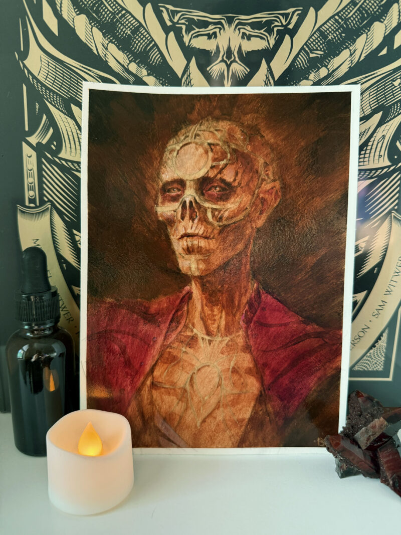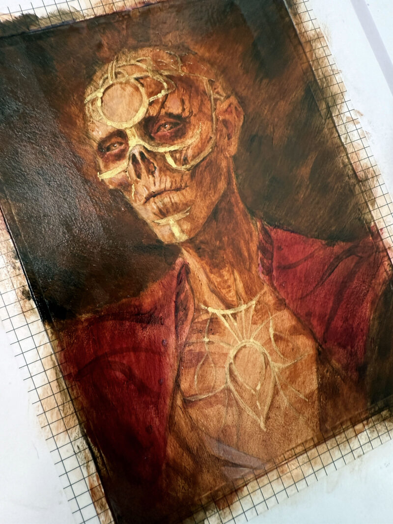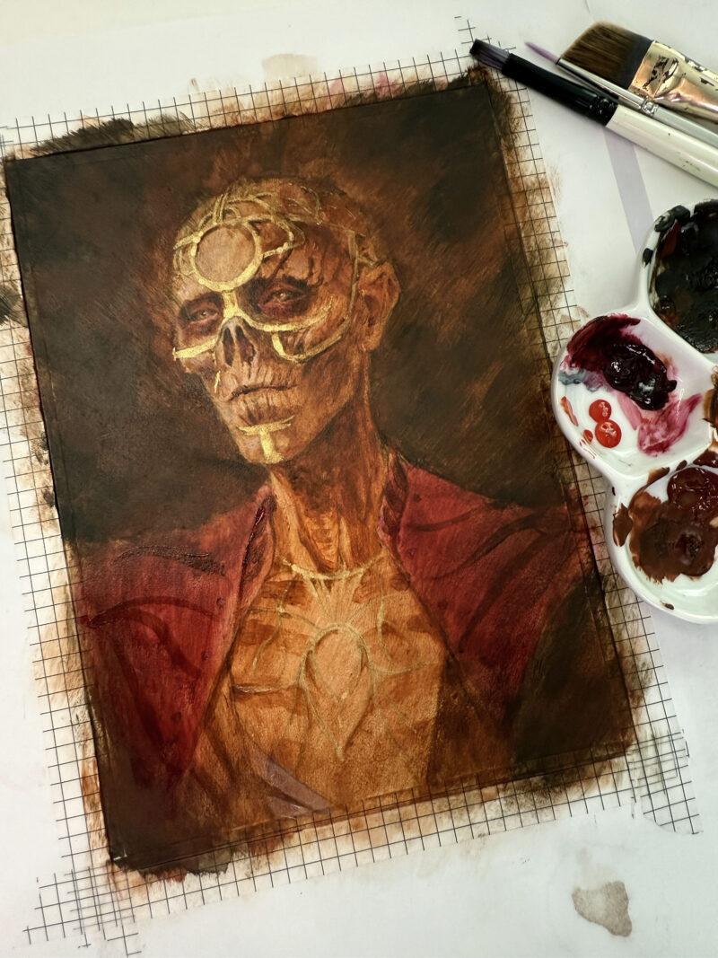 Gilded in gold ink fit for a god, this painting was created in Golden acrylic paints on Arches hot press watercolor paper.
==
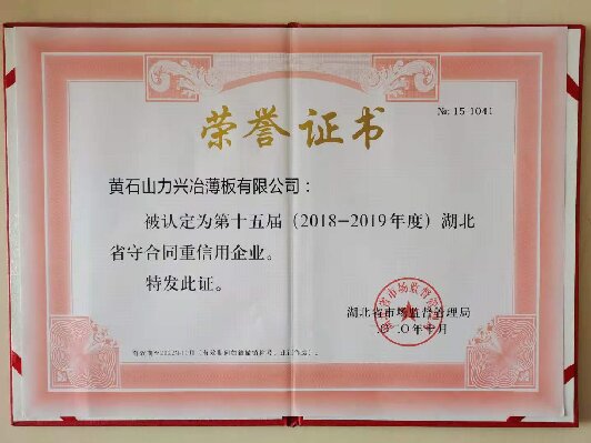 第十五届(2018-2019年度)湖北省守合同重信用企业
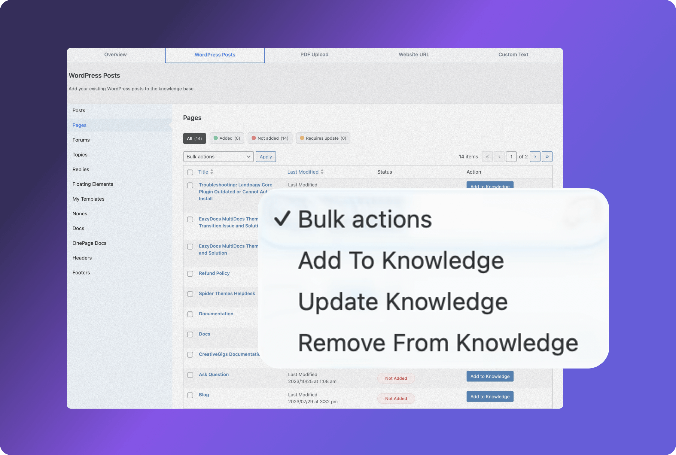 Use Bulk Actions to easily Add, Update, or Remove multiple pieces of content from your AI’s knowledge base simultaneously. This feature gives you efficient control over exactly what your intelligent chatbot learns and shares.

▶ [EXERCISE DETAILS]: Exact copy, pictures excluded: every line above from the one containing "第十五届(2018-2019年度)湖北省守合同重信用企业" to the one containing "Use Bulk Actions", inclusive, and nothing more.

▶ [ANSWER FOR THE TASK]:
 第十五届(2018-2019年度)湖北省守合同重信用企业
 Use Bulk Actions to easily Add, Update, or Remove multiple pieces of content from your AI’s knowledge base simultaneously. This feature gives you efficient control over exactly what your intelligent chatbot learns and shares.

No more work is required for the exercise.